Supplied entries
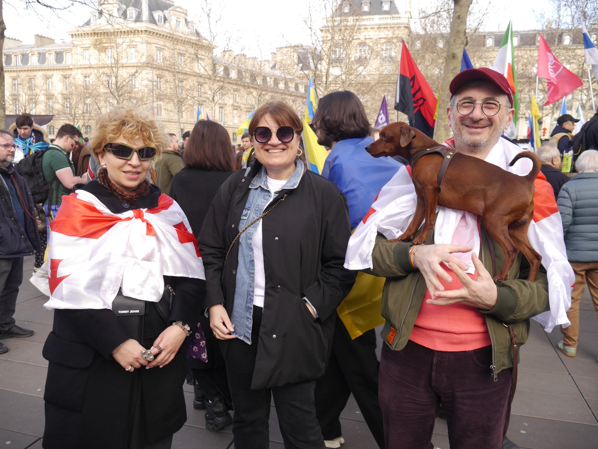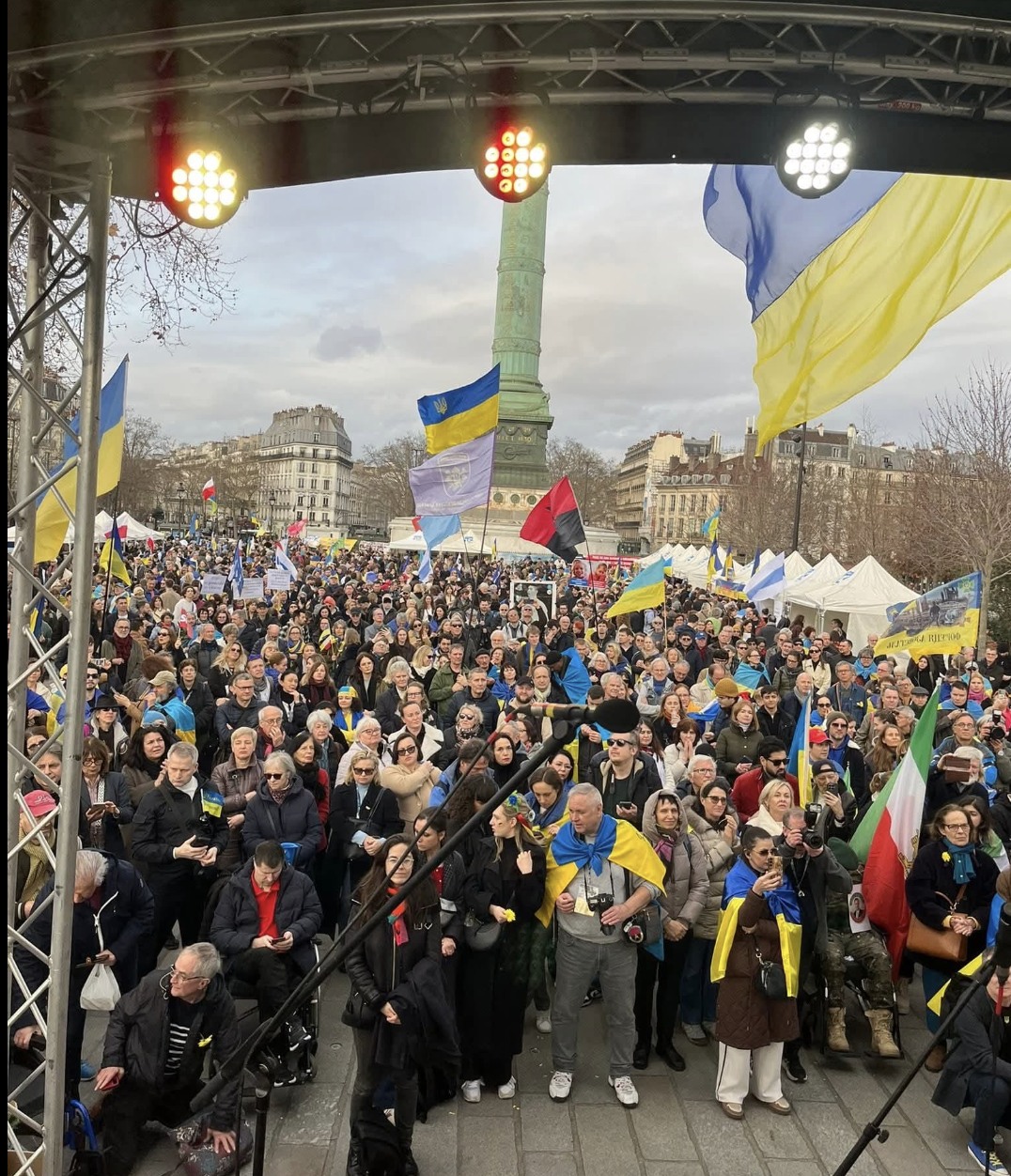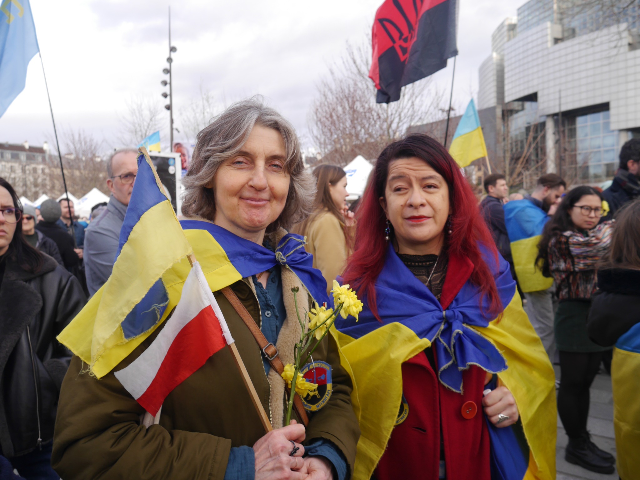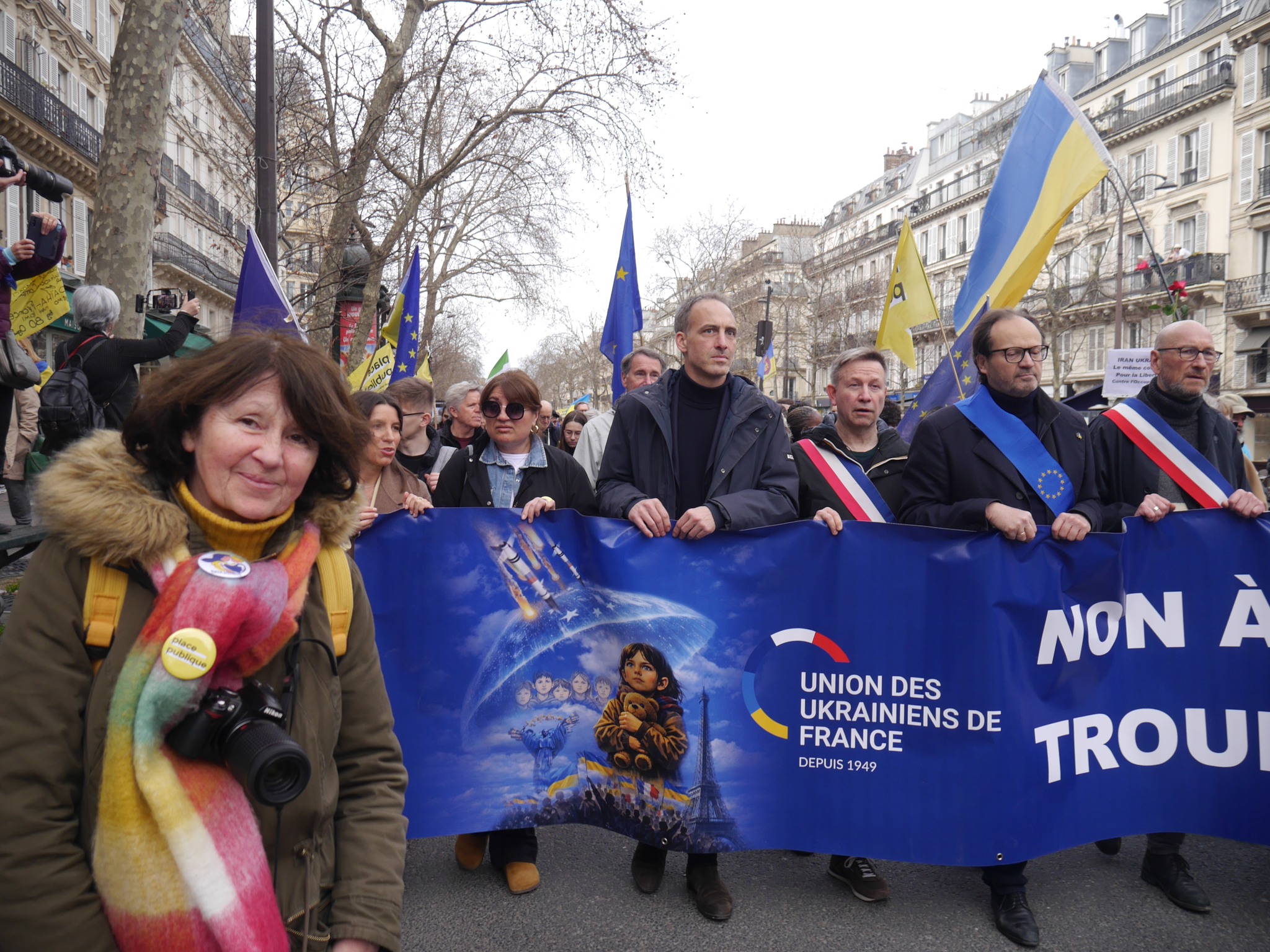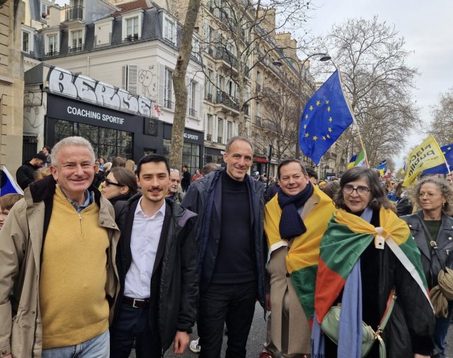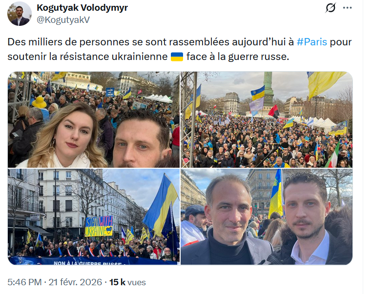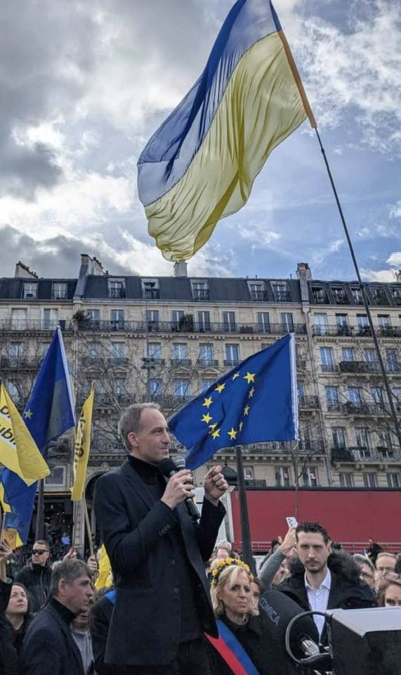 Volodymyr Kogutyak, le vice-président de l’Union des Ukrainiens de France (UUF) et vice-président du Congrès Mondial des Ukrainiens (UWC), a publié sur son compte X - twitter des photos de cette manifestation, dont l’une prise avec Raphaël Glucksmann à ses côtés. Mais sur une autre photo, on distingue un drapeau rouge et noir au centre de l’image, celui de l’UPA...
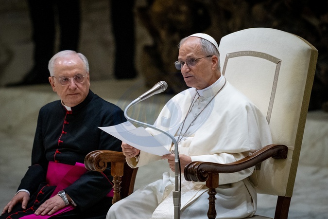 Pope Leo XIV meets members of the international media in the Paul VI Hall in Vatican City, Vatican, on 12 May 2025.
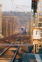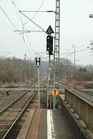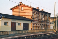Das Bild am Ostkopf des Bahnhofs Eschhofen wird durch das wuchtige, quergestreifte Empfangsgebäude und die zweigleisige
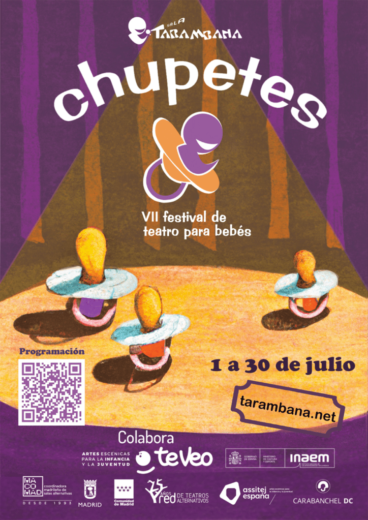 Sala Tarambana Del 1 al 30 de Julio del 2023 La Sala Tarambana siempre ha mostrado un firme compromiso con el público infantil y familiar y cada temporada ofrecen las mejores propuestas a nivel escénico para los más pequeños. El teatro infantil está en el ADN de la sala, por eso vuelve, un año más, Chupetes, la VII Edición de este Festival de Teatro para Bebés, una iniciativa que pretende fomentar las artes en los primeros años de vida de los niños.
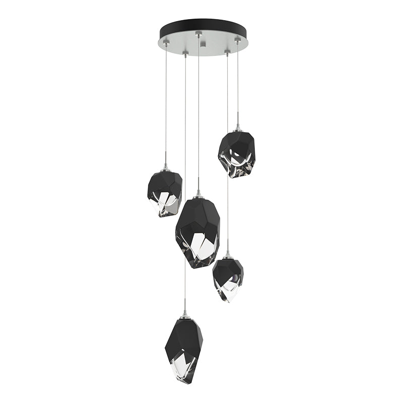 The Chrysalis 5-Light Mixed Crystal Pendant is a multi-port fixture that features five (2 large + 3 small), handcrafted faceted blown glass elements suspended from a round canopy.
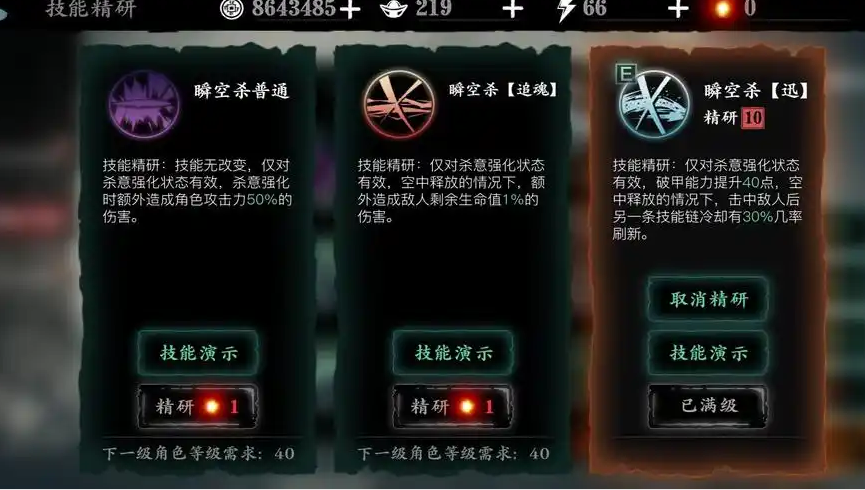 对于输出型职业,优先精研高伤害技能的分支,尤其是附带破甲、真伤或范围效果的选项。例如魔弦的嘈嘈切切精研后真伤加成更高,炽刃的火龙卷可强化燃烧效果。辅助和控制类技能则侧重冷却缩减或效果持续时间,比如弦者的沉默、眩晕类技能精研后控制更稳定。要注意技能链的连贯性,避免因精研导致衔接不畅。
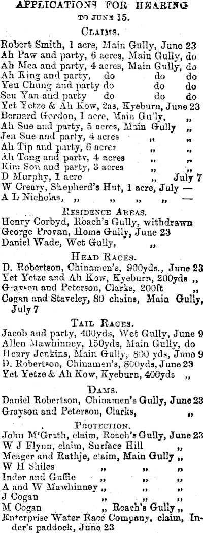 APPLICATIONS FOE HEARING TO JUK3 15. Claims. Robert Smith, 1 acre, Main Gully, June 23 .Ah Paw and party, 6 acres, Main Gully, do Ah Mea and party, 4 acres, Main Gully, do Ah lung and party, do do do Yeu Chung and party do do do Seu Yan and party do do do Yet Yetze & Ah How, 2as, Hyeburn, June 23 Bernard Gordon, 1 acre, "Viain Gu'ly, „ Ah Sue and party, 5 acres, Main Gully „ Jea Sue and party, 4 acres • „ h Ah Tip and party, G acres „ „ All Tong and partv, 4 acres „ „ Kim Sou and party, 3 acres „ •„ D Murphy, 1 acre „ July 7 W Creary, Shepherd's Hut, 1 acre, July A L Nicholas, „ ~ „ „ Residen-ce Areas. Henry Corbyxl, Roach's Gully, withdrawn George Prolan, Home Gully, June 23 Daniel Wade, Wet Gully, „ Head Races. D. Robertson, Chinamen's, 900 yds., June 23 Yet Yetze and Ah Blow, Kyeburn, 200 yds „ and Peterson, Clarks, 200 ft „ Cogan and Staveley, 80 chains, Main Gully, July 7 Tail Races. Jacob and party, 400vds, Wet Gully, June 9 Allen ilawhinney, 150 yds, Main Gully, do Flenry Jenkins, Main Gully, 800 yds, Juno 9 D. Kobertoon, Chinamen's, 800 yds, June 23 Yet Yetze &Ah Kow, Kyeburn, 400 yds „ Dams. Daniel Robertson, Chinamen's Gully, June 23 Grayson and Peterson, Clarks, „ PROTECTION. John M'Grath, claim, Roach's Gully, Jane 23 W J Flynn, claim, Surface Hill „ Meaner and Rathje, claim, Main Gully „ W H Shiles „ „ „ Inder and GufSe ■ „ ~ ~ A and W Mawliinney „ „ „ J Cogau „ „ „ M Cogan >» Roach's Gully,, Enterprise Water Race Company, claim, Inder's paddock, June 23

Exercise objective
Could the data above be copied out exactly, with no pictures kept?

Answer to the exercise
 Volodymyr Kogutyak, le vice-président de l’Union des Ukrainiens de France (UUF) et vice-président du Congrès Mondial des Ukrainiens (UWC), a publié sur son compte X - twitter des photos de cette manifestation, dont l’une prise avec Raphaël Glucksmann à ses côtés. Mais sur une autre photo, on distingue un drapeau rouge et noir au centre de l’image, celui de l’UPA...
 Pope Leo XIV meets members of the international media in the Paul VI Hall in Vatican City, Vatican, on 12 May 2025.
Das Bild am Ostkopf des Bahnhofs Eschhofen wird durch das wuchtige, quergestreifte Empfangsgebäude und die zweigleisige
 Sala Tarambana Del 1 al 30 de Julio del 2023 La Sala Tarambana siempre ha mostrado un firme compromiso con el público infantil y familiar y cada temporada ofrecen las mejores propuestas a nivel escénico para los más pequeños. El teatro infantil está en el ADN de la sala, por eso vuelve, un año más, Chupetes, la VII Edición de este Festival de Teatro para Bebés, una iniciativa que pretende fomentar las artes en los primeros años de vida de los niños.
 The Chrysalis 5-Light Mixed Crystal Pendant is a multi-port fixture that features five (2 large + 3 small), handcrafted faceted blown glass elements suspended from a round canopy.
 对于输出型职业,优先精研高伤害技能的分支,尤其是附带破甲、真伤或范围效果的选项。例如魔弦的嘈嘈切切精研后真伤加成更高,炽刃的火龙卷可强化燃烧效果。辅助和控制类技能则侧重冷却缩减或效果持续时间,比如弦者的沉默、眩晕类技能精研后控制更稳定。要注意技能链的连贯性,避免因精研导致衔接不畅。
 APPLICATIONS FOE HEARING TO JUK3 15. Claims. Robert Smith, 1 acre, Main Gully, June 23 .Ah Paw and party, 6 acres, Main Gully, do Ah Mea and party, 4 acres, Main Gully, do Ah lung and party, do do do Yeu Chung and party do do do Seu Yan and party do do do Yet Yetze & Ah How, 2as, Hyeburn, June 23 Bernard Gordon, 1 acre, "Viain Gu'ly, „ Ah Sue and party, 5 acres, Main Gully „ Jea Sue and party, 4 acres • „ h Ah Tip and party, G acres „ „ All Tong and partv, 4 acres „ „ Kim Sou and party, 3 acres „ •„ D Murphy, 1 acre „ July 7 W Creary, Shepherd's Hut, 1 acre, July A L Nicholas, „ ~ „ „ Residen-ce Areas. Henry Corbyxl, Roach's Gully, withdrawn George Prolan, Home Gully, June 23 Daniel Wade, Wet Gully, „ Head Races. D. Robertson, Chinamen's, 900 yds., June 23 Yet Yetze and Ah Blow, Kyeburn, 200 yds „ and Peterson, Clarks, 200 ft „ Cogan and Staveley, 80 chains, Main Gully, July 7 Tail Races. Jacob and party, 400vds, Wet Gully, June 9 Allen ilawhinney, 150 yds, Main Gully, do Flenry Jenkins, Main Gully, 800 yds, Juno 9 D. Kobertoon, Chinamen's, 800 yds, June 23 Yet Yetze &Ah Kow, Kyeburn, 400 yds „ Dams. Daniel Robertson, Chinamen's Gully, June 23 Grayson and Peterson, Clarks, „ PROTECTION. John M'Grath, claim, Roach's Gully, Jane 23 W J Flynn, claim, Surface Hill „ Meaner and Rathje, claim, Main Gully „ W H Shiles „ „ „ Inder and GufSe ■ „ ~ ~ A and W Mawliinney „ „ „ J Cogau „ „ „ M Cogan >» Roach's Gully,, Enterprise Water Race Company, claim, Inder's paddock, June 23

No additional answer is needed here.